Regarding clinical outcomes of CLL patients, our study did not find an association of rare P/LP ATM germline variants with earlier age at CLL diagnosis, nor with reduced TTFT or OS. Similarly, previous studies did not observe an effect of rare ATM germline variants on OS [7] and TTFT [8] in CLL, whereas the latter study found that CLL patients with ATM germline variants were younger at diagnosis. Consistent with previous reports [4, 7], rare ATM variants were found to be associated with the acquisition of del(11q) during the course of CLL as a second hit in the remaining allele. A higher risk of RT was observed in patients carrying rare P/LP ATM variants and this finding deserves further research. Also, a higher risk of cancer was observed in first-degree relatives of patients carrying P/LP ATM variants.
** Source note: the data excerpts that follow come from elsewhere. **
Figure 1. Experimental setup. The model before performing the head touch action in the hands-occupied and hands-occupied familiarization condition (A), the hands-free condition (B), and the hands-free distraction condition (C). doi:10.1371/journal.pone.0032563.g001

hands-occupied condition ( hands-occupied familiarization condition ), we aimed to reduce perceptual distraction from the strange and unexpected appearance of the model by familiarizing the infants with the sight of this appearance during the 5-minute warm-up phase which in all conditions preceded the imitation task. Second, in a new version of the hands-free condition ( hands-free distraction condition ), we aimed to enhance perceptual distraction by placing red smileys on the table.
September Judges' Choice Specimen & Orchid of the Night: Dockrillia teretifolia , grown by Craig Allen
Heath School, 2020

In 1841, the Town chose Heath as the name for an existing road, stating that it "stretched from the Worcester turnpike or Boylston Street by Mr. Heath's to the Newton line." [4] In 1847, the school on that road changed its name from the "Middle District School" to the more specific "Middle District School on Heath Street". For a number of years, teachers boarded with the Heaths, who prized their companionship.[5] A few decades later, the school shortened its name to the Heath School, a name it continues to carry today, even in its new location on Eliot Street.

Importantly, we confirmed in a large cohort our previous observation of the association of rare ATM variants with increased risk of IGHV-unmutated CLL [3]. ATM has a specific role in developing lymphocytes: it is required for the processes of V(D)J recombination and somatic hypermutation and later in immunoglobulin class switch recombination [9, 10]. How exactly P/LP germline ATM variants interfere with these processes deserves further investigation.
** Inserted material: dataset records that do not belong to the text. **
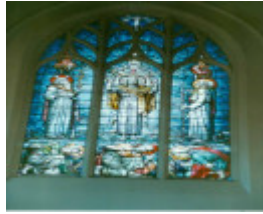
B5960 St Mark's Camberwell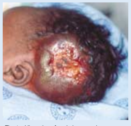
Fig. 1c. Ulceration of scalp haemangioma.

haemangiomas) would include:<sup>27,28</sup> ( i ) periocular lesions threatening vision; ( ii ) lesions obstructing the airway; ( iii ) large lesions associated with high-output cardiac failure; ( iv ) facial lesions with rapid growth and distortion; ( v ) lesions with severe persistent cutaneous ulceration or haemorrhage (Fig. 1c); and ( vi ) Kasabach-Merritt syndrome.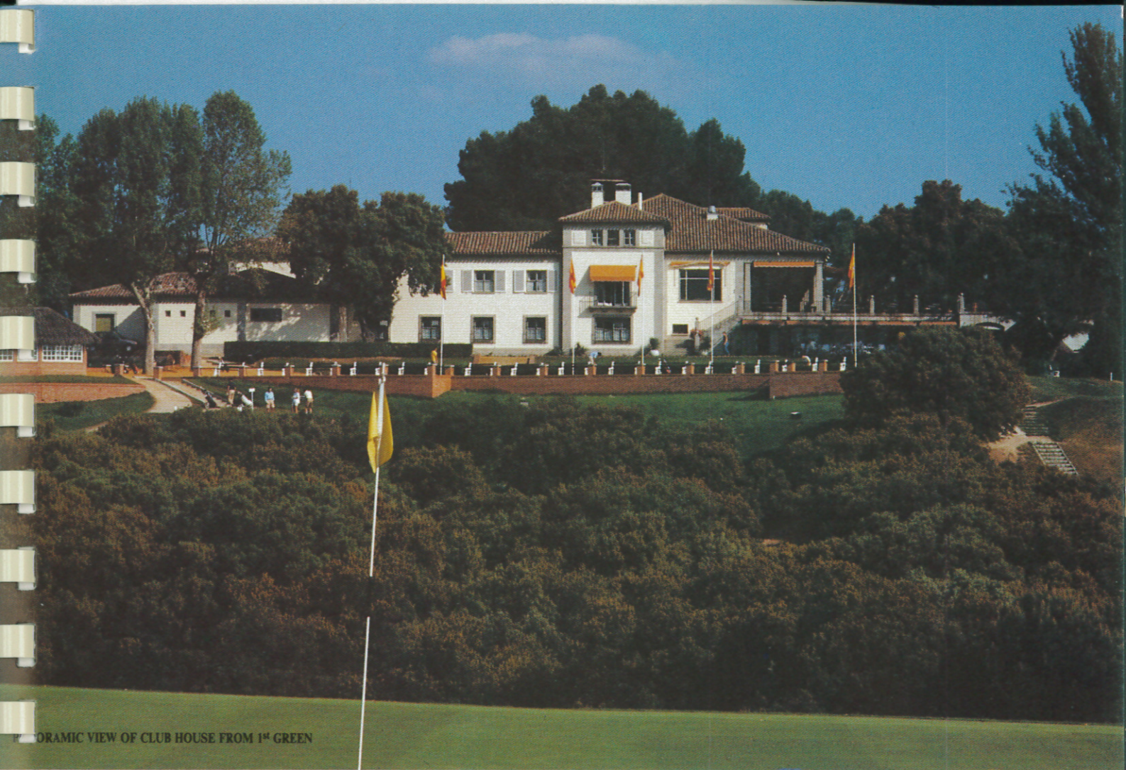
PANORAMIC VIEW OF CLUB HOUSE FROM 1 st GREEN

We acknowledge that our study has limitations. First, the sample size of patients with rare ATM variants is modest, similar to other studies on rare germline variants [4, 7, 8]. Of note, this study used the largest CLL cohort with complete clinical data to study rare ATM variants in CLL to date. Second, variant classification in this study is based on the current ClinVar evaluation and may be reclassified based on future research.
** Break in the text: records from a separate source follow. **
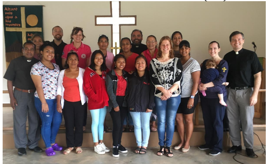
Above: Diaconess Students in Panama

“The harvest is plentiful, but the laborers are few. Therefore pray earnestly to the Lord of the harvest to send out laborers into his harvest.” Luke 10:2 (ESV)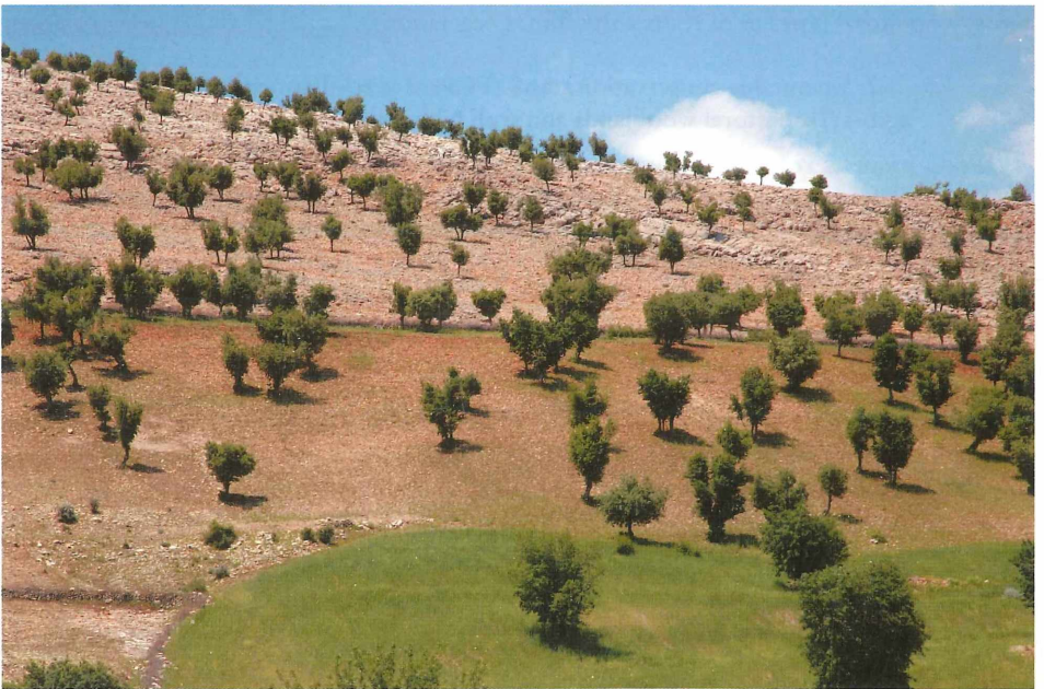
Fig. 6: Agrosylvopastoral deciduous oak woodland in the Nemrud National Park, province of Adiyaman, eastcentral Turkey. Photo: U. Hauke, June 2005.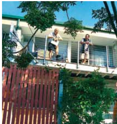
The Gatton Halls of Residence

In conclusion, the significance of rare P/LP ATM variants in CLL appears to lie in the higher susceptibility to CLL in carriers of rare ATM variants, and specifically to the prognostically poor form of CLL with unmutated IGHV status, and in the threefold higher risk of secondary cancer, either before or after CLL diagnosis.

Anna Petrackova and Eva Kriegova designed research. Jirina Manakova and Romana Nesnadna performed experiments. Zuzana Kubova and Tomas Papajik collected patient samples and clinical characteristics. Anna Petrackova wrote the manuscript. Eva Kriegova critically revised the manuscript. All authors read and approved the final manuscript.

The authors declare that they have no competing interests.

This study was supported by the project JG_2024_035 implemented within the Palacký University Young Researcher Grant, by the Internal grant agency of Palacky University (IGA_LF_2025_014), and in part by Ministry of Health of Czech Republic (MH CZ–DRO (FNOL, 00098892)).

All patients provided written informed consent about the usage of biological materials for the purpose of this study, which was performed in accordance with the Helsinki Declaration and approved by the Ethics Committee of the University Hospital and Palacký University Olomouc (permit number: ID16-32339A).